Problem Statement

You are given positive integers N and M. For each k=1,\ldots,N, solve the following problem.

• Problem: We will divide N people with ID numbers 1 through N into k non-empty groups. Here, people whose ID numbers are equal modulo M cannot belong to the same group.
  How many such ways are there to divide people into groups?
  Since the answer may be enormous, find it modulo 998244353.

Here, two ways to divide people into groups are considered different when there is a pair (x, y) such that Person x and Person y belong to the same group in one way but not in the other.

Constraints

• 2 \leq N \leq 5000
• 2 \leq M \leq N
• All values in input are integers.

Sample Input 1

4 2

Sample Output 1

0
2
4
1

People whose ID numbers are equal modulo 2 cannot belong to the same group. That is, Person 1 and Person 3 cannot belong to the same group, and neither can Person 2 and Person 4.

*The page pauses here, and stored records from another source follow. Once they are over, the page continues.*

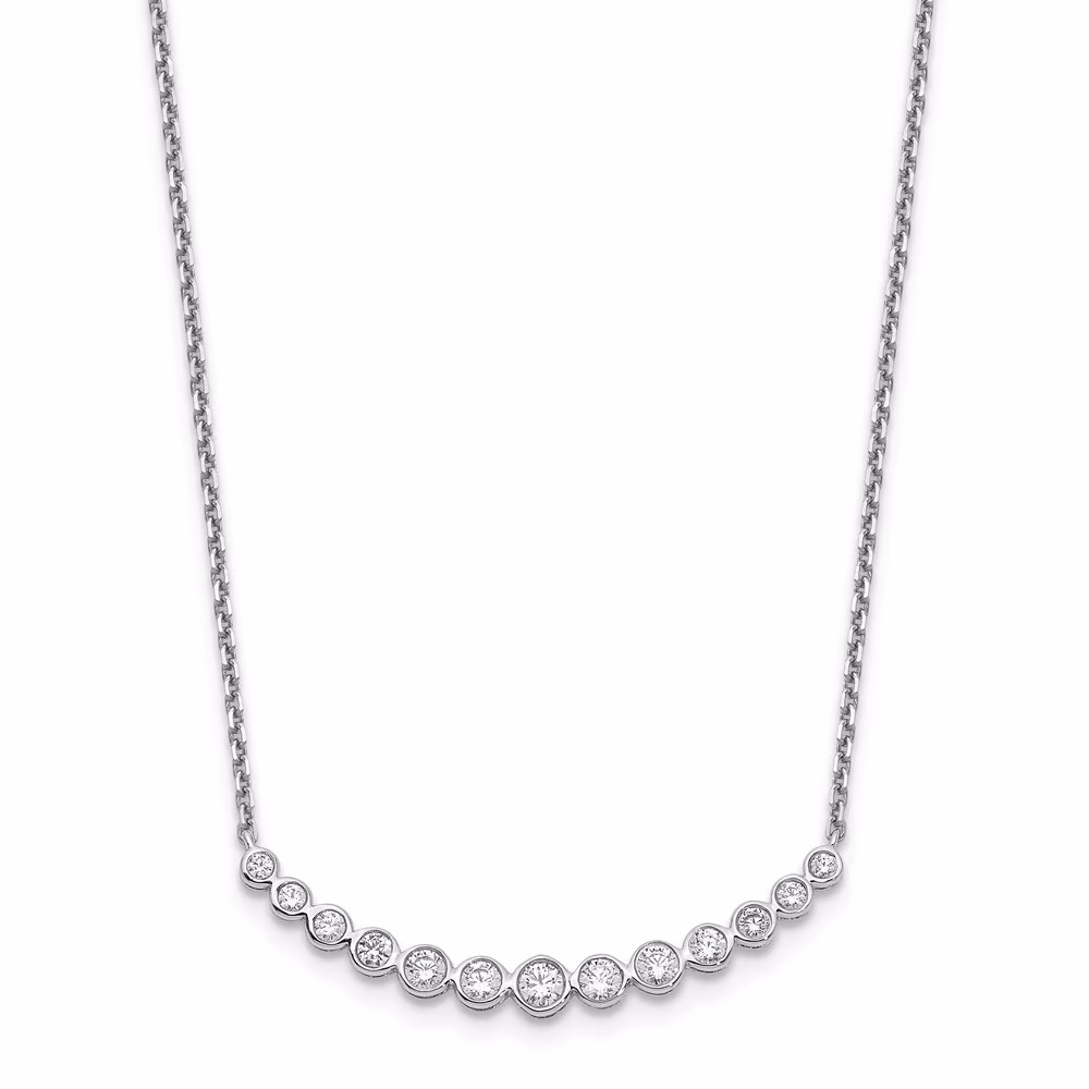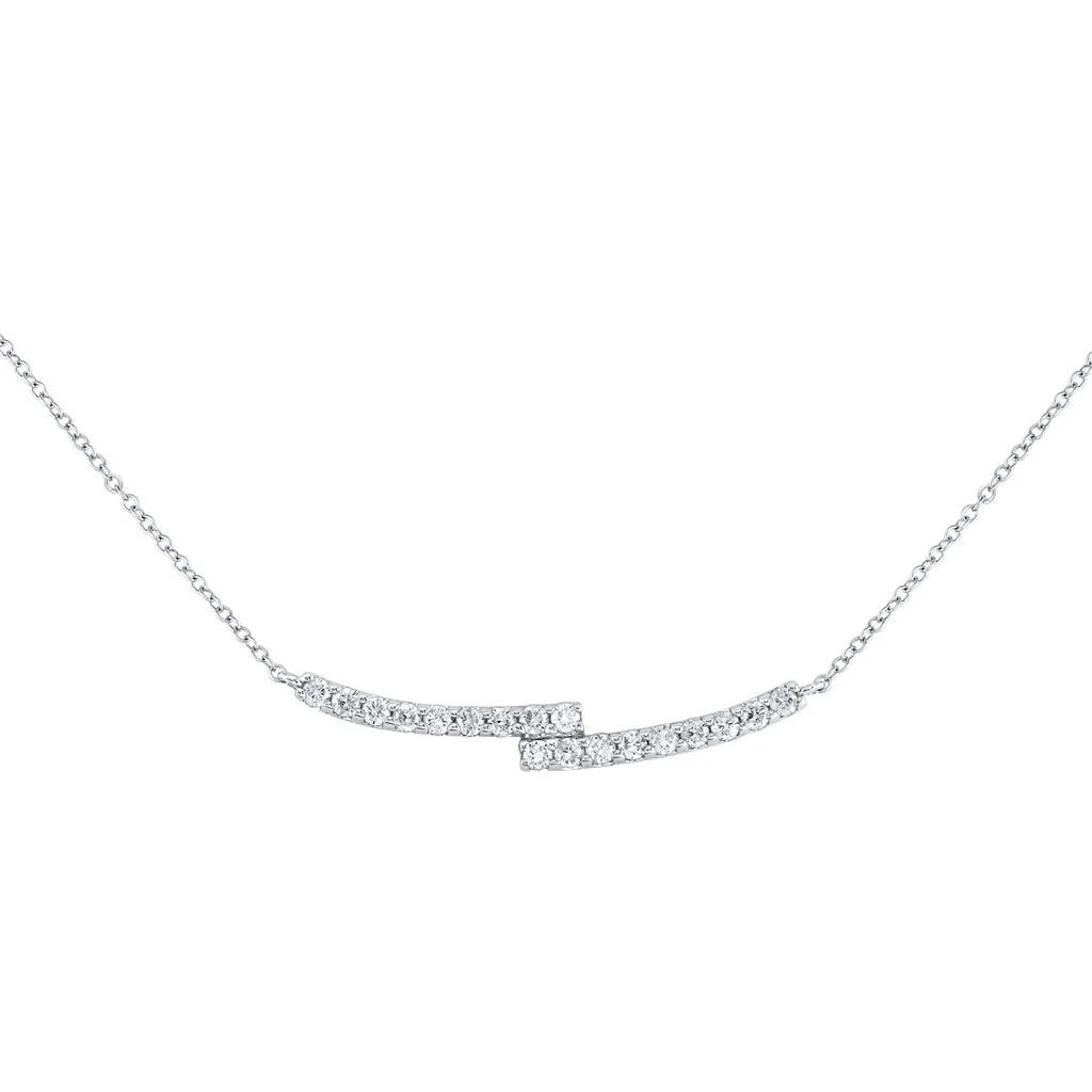 Real 14kt White Gold Diamond Curved Bar Necklace; 18 inch; Lobster Clasp; for Adults and Teens
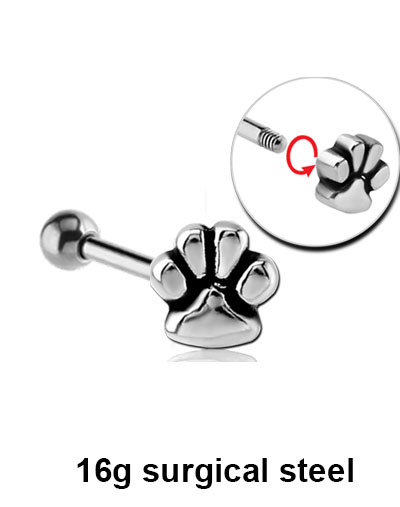 This 16g micro barbell has a steel cast paw attachment and 3mm ball. Available in a variety of lengths.
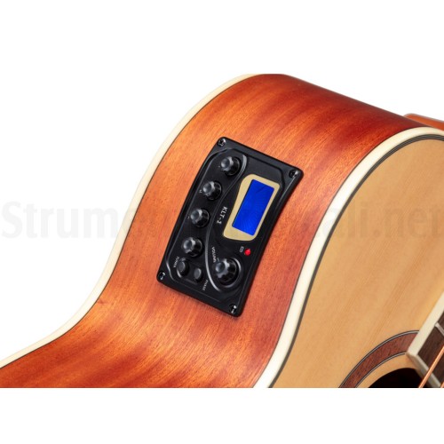 A Soundsation SAB10 NTS 4 húros akusztikus basszusgitár kivágott kialakítással kiválóan ötvözi a játszhatóságot és a sokoldalúságot. Beépített hangolóval ellátott előerősítővel felszerelve, amely precíz hangvezérlést biztosít mind akusztikus, mind erősített módban. A lucfenyő tető kiváló rezonanciát biztosít, meleg, mély hangszíneket adva, amelyek ideálisak bármilyen zenei műfajhoz, míg a rózsafa fogólap és húrláb díszíti a hangszert.
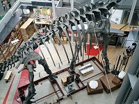 博物館全体が、恐竜を研究している研究施設に見立てられていて、標本倉庫や標本を作る部屋などが並び、飽きさせないような造りになっている。全体的にスタッフが多いので、どこか見張られているような感じがしてしまう。もちろん気軽に声は掛けられる感じなので、息苦しさといったほどではないし、実際にじゃこが質問しても、わかりやすく説明してくれる雰囲気には好感が持てた。実際に研究している人とも話をさせてもらったなかで、興味深かったのが、レプリカの存在だ。ここに展示されている標本は、実物とレプリカがだいたい半々くらいとのことだが、このレプリカは「偽物」ではなく、このレプリカ自体で十分研究ができるほど重要なものなのだという。もし実物ばかりでしか研究ができないとしたら、研究できる人数は当然限られてくるし、何より実物は化石というだけかあって「石」なので、かなりの重量があり、とても持ち上げたり組み立てたりできるものではない。そんな使いにくい実物より、実物を忠実に再現したレプリカの方が研究しやすい一面があるのだという。

• There is no way to divide the four into one group.
• There are two ways to divide the four into two groups: \{\{1,2\},\{3,4\}\} and \{\{1,4\},\{2,3\}\}.
• There are four ways to divide the four into three groups: \{\{1,2\},\{3\},\{4\}\}, \{\{1,4\},\{2\},\{3\}\}, \{\{1\},\{2,3\},\{4\}\}, and \{\{1\},\{2\},\{3,4\}\}.
• There is one way to divide the four into four groups: \{\{1\},\{2\},\{3\},\{4\}\}.

Sample Input 2

6 6

Sample Output 2

1
31
90
65
15
1

You can divide them as you like.

Sample Input 3

20 5

Sample Output 3

0
0
0
331776
207028224
204931064
814022582
544352515
755619435
401403040
323173195
538468102
309259764
722947327
162115584
10228144
423360
10960
160
1

Be sure to find the answer modulo 998244353.